Our Church Services

Estimating the future progress of Christian Science by the past two decades of its history, one is reminded of our Leader's prophetic statement at the time of the dedication of the original edifice of The Mother Church in 1895: "If the lives of Christian Scientists attest their fidelity to Truth, I predict that in the twentieth century every Christian church in our land, and a few in far-off lands, will approximate the understanding of Christian Science sufficiently to heal the sick in his name" (Pulpit and Press, p. 22). Is it, then, too distant a goal to vision the whole world finally saved from its woes by the ministrations of Christian Science? A due realization of the magnitude of the work of Christian Science rebukes the trivial, the indifferent, and the complaining attitude of thought, and all that would retard or obstruct it ceases to attract the attention of those who have identified themselves with its stupendous mission.

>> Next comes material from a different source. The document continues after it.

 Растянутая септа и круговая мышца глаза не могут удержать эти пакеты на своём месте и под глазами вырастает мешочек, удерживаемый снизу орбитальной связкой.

Among the means provided for furthering the mission of Christian Science are the public services of the church. It is imperative, therefore, that Christian Scientists should guard their thoughts against the intrusion of anything that would tend to obscure their scientific sense of the relation of the church services to the progress of the cause, and it should never be forgotten that healing must always be the keynote of these services. We open wide our doors, not that the public may enter and be charmed with an artistic edifice or delighted with a musical performance; not that the esthetic sense may be gratified, but that through the promulgation of the gospel of our great Master the sick and the sinning may be healed. At this period of our history, when beautiful structures are multiplying and prosperity is attending our efforts, it is well for Christian Scientists not to become enamored with the material. When artistic perfection begins to enthrall, spirituality begins to wane. Wise is he who remembers the crude externals under which the cause progressed in its early days. Such a one realizes that all which makes Christian Science worth while is its transcendent spirituality. In the enjoyment of prosperity it gives mental poise to contrast its rugged beginnings with the finished product of its assured future.

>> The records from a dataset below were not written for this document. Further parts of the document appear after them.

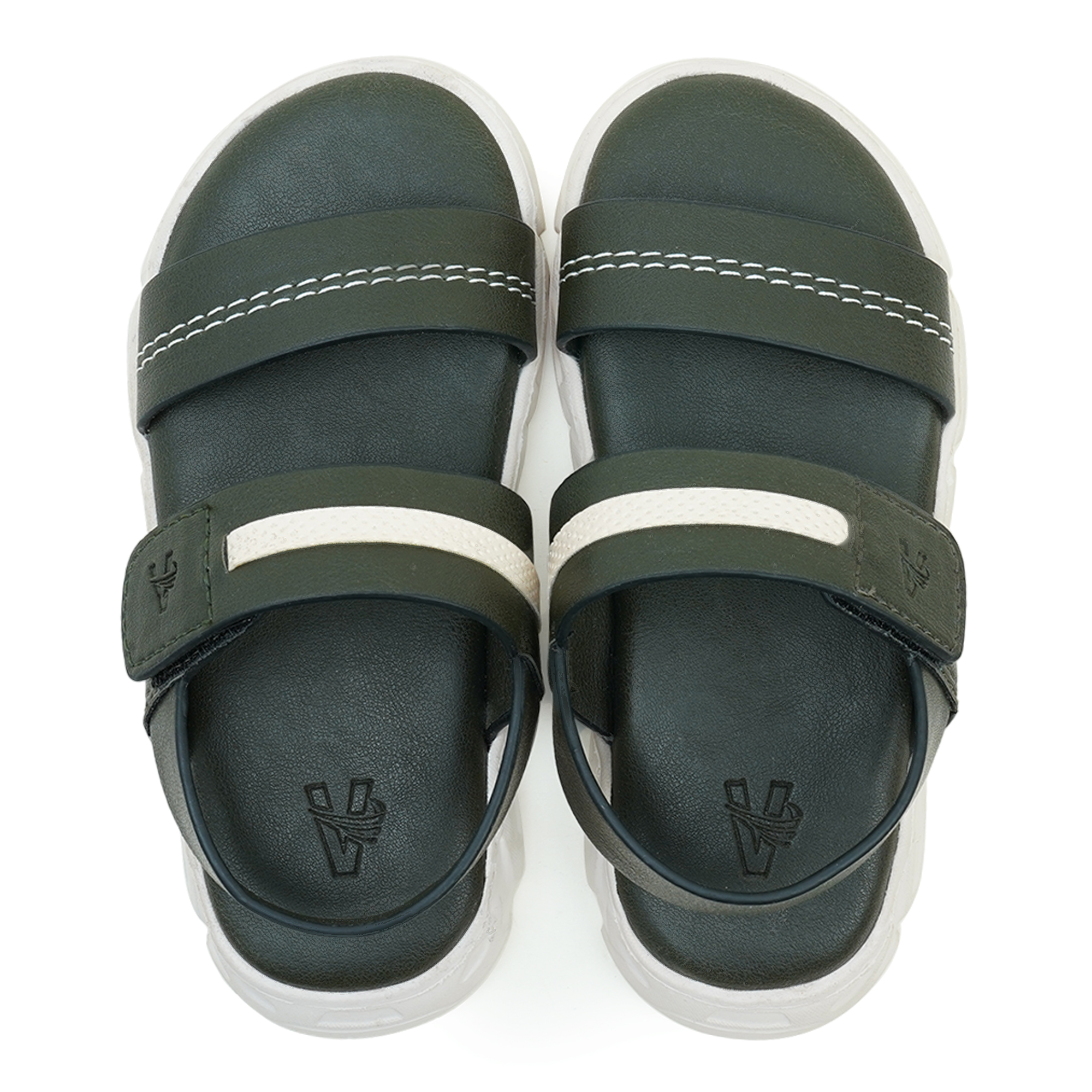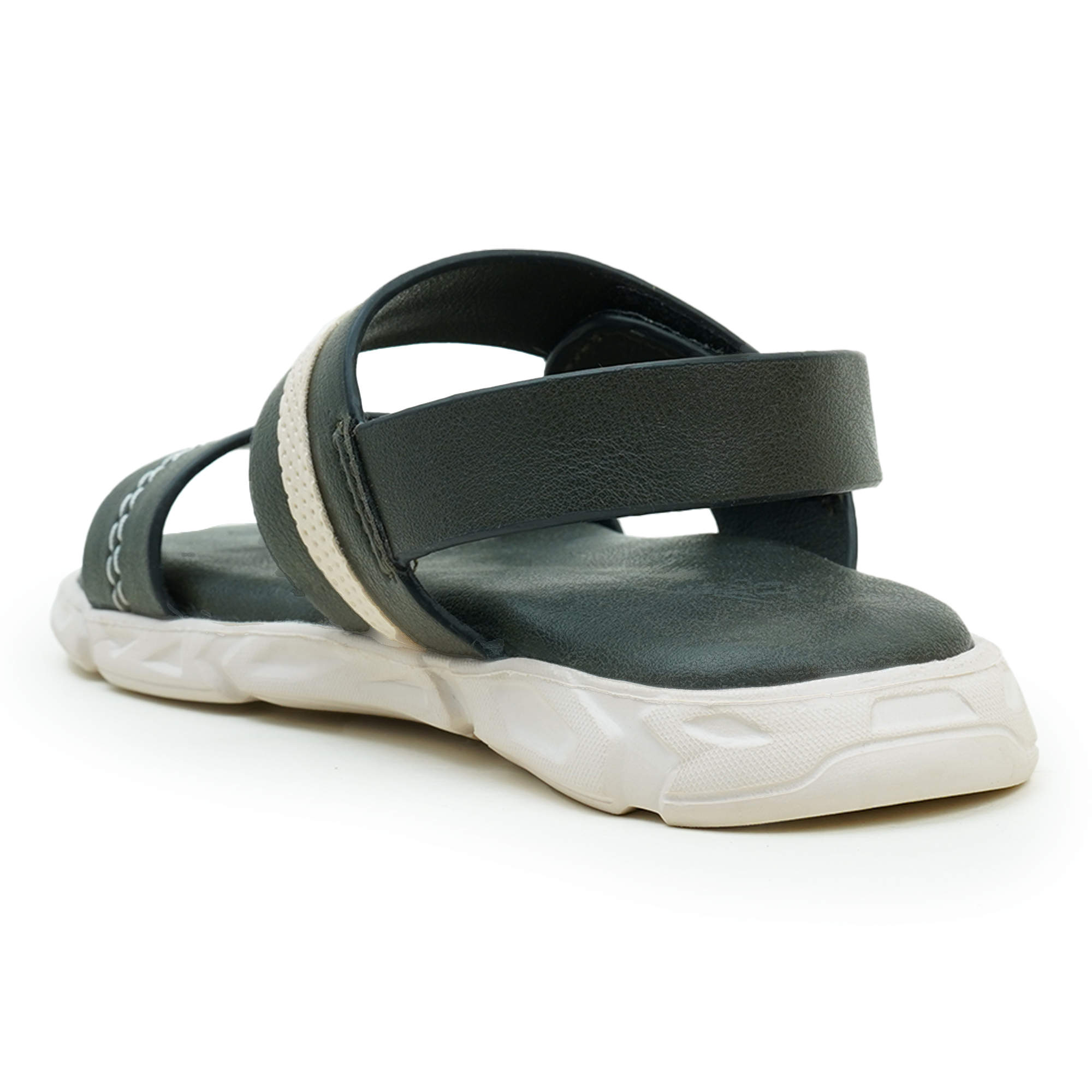 Stay comfortable and stylish with the Twinkler Kids Sandal in trendy olive. Made with a durable PVC upper and matching PVC sole, this sandal is lightweight, flexible, and easy to maintain. The dual-strap design with an adjustable hook-and-loop closure ensures a secure fit, while the cushioned footbed provides everyday comfort. The contrast white stitching and stripe detail add a sporty touch, making it perfect for casual outings, playtime and daily wear.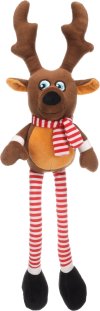 Vánoční hračka pro psy ve tvaru soba s pruhovanou šálou a dlouhým nohama je vyrobena z hebkého plyše.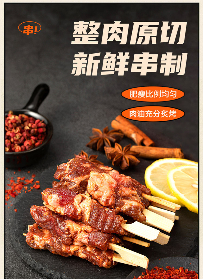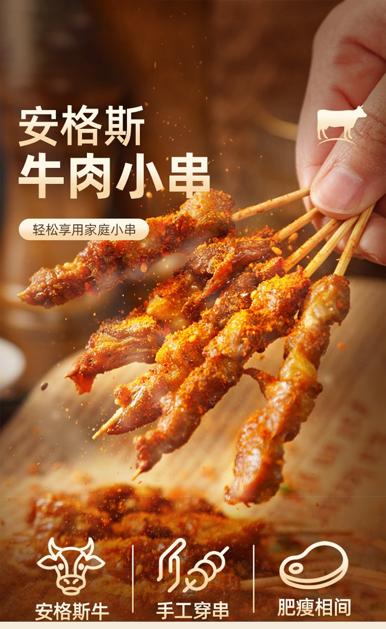 【安格斯牛肉小串,轻松享用家庭小串~】安格斯谷饲牛肉串 整切静腌炸烤串 空气炸锅烧烤食材半成品-QQ

There should always be uppermost the conviction that the public services of the Christian Science church have their raison d'être in their healing work, and every church-member should feel the responsibility of clearly realizing this truth during the public reading of the Lesson-Sermon. If each does his whole duty in this respect, he will not have time either to laud or to criticize adversely the personality of the readers or their service. He will be alert to see that in devoting his attention to such subsidiary matters he temporarily interdicts the appearing of Truth in his own consciousness. Either praise or blame of the readers indicates a lapse on the part of the hearer. Thought should be focused upon something immeasurably higher than vocal technique, if the Christian Science pulpit is to give out the word "with signs following." No less obvious is it that readers should discourage criticism of their work from members of the congregation. The reader who loses sight of the spiritual import and efficiency of the word of God in his belief that his reading is exceedingly gratifying to the congregation, makes a stupendous mistake.